▶ **RECORDS TO USE**
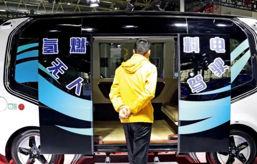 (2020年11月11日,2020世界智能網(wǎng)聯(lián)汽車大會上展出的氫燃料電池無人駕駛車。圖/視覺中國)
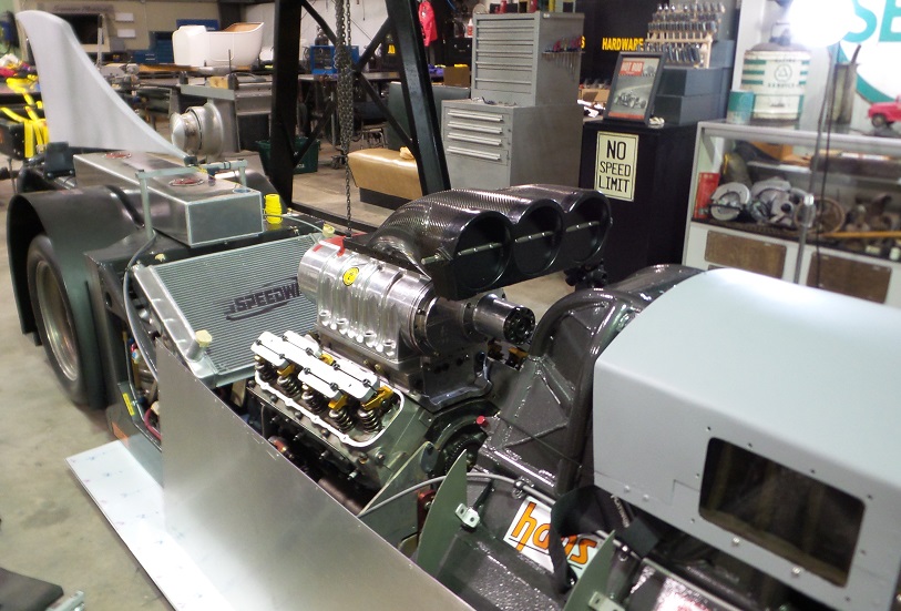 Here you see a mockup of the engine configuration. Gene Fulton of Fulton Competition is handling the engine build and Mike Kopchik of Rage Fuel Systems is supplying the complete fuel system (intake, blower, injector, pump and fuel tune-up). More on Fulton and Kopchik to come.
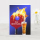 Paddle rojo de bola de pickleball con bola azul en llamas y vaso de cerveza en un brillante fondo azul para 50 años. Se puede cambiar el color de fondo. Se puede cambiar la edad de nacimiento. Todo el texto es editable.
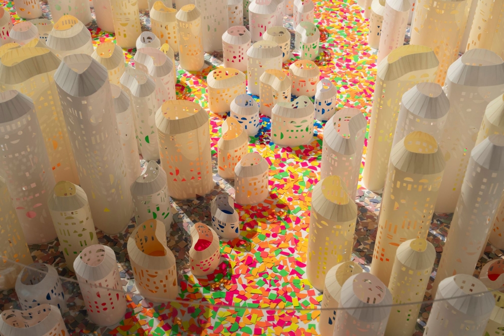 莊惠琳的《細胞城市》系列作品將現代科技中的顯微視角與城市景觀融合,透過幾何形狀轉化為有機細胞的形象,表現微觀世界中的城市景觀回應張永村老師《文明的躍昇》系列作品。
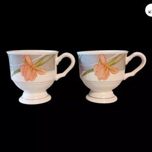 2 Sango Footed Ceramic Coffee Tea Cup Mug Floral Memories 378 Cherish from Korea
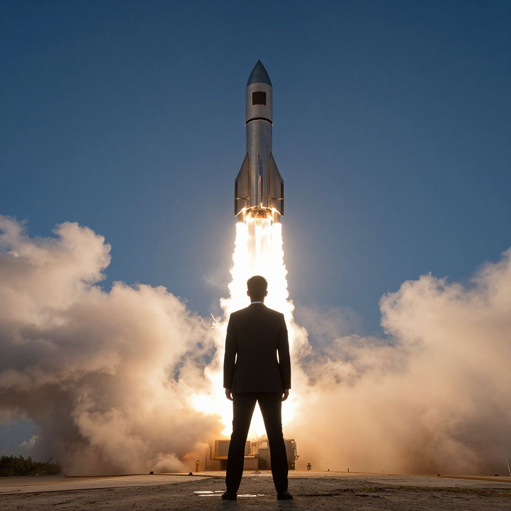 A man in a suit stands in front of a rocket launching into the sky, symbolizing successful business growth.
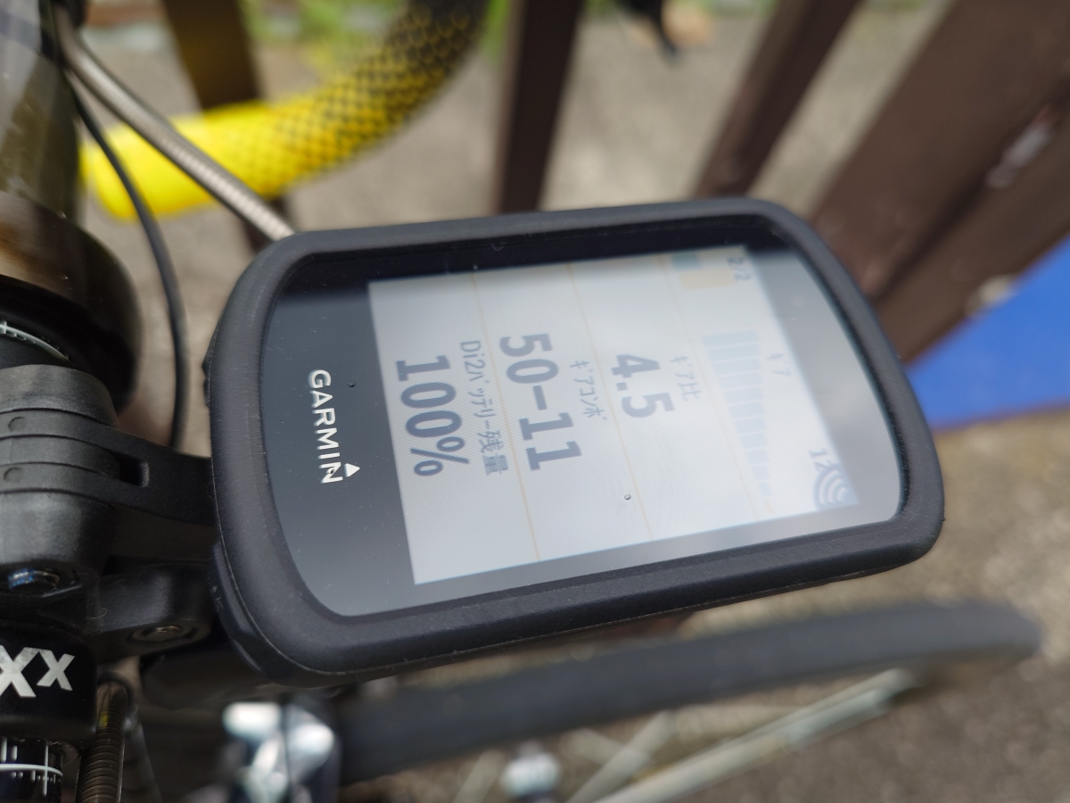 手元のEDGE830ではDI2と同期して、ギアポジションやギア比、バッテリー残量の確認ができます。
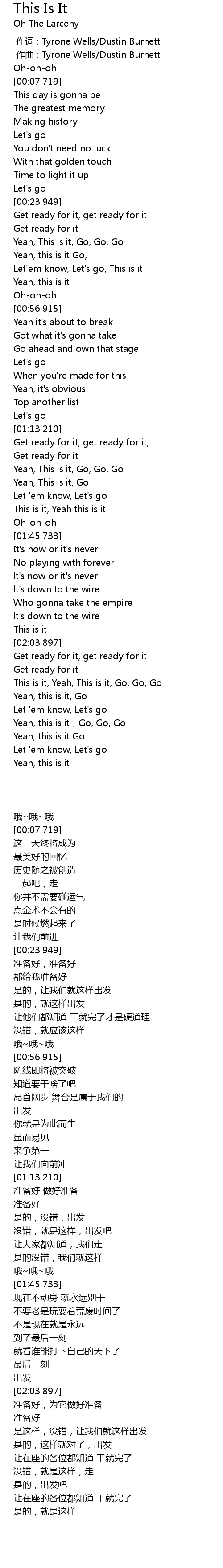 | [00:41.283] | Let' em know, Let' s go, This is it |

▶ **TASK ITEM**
Word for word, restate only the lines from the one bearing "莊惠琳的《細胞城市》系列作品" through the final line of the listing, inclusive, with no pictures.

▶ **OUTPUT**
 莊惠琳的《細胞城市》系列作品將現代科技中的顯微視角與城市景觀融合,透過幾何形狀轉化為有機細胞的形象,表現微觀世界中的城市景觀回應張永村老師《文明的躍昇》系列作品。
 2 Sango Footed Ceramic Coffee Tea Cup Mug Floral Memories 378 Cherish from Korea
 A man in a suit stands in front of a rocket launching into the sky, symbolizing successful business growth.
 手元のEDGE830ではDI2と同期して、ギアポジションやギア比、バッテリー残量の確認ができます。
 | [00:41.283] | Let' em know, Let' s go, This is it |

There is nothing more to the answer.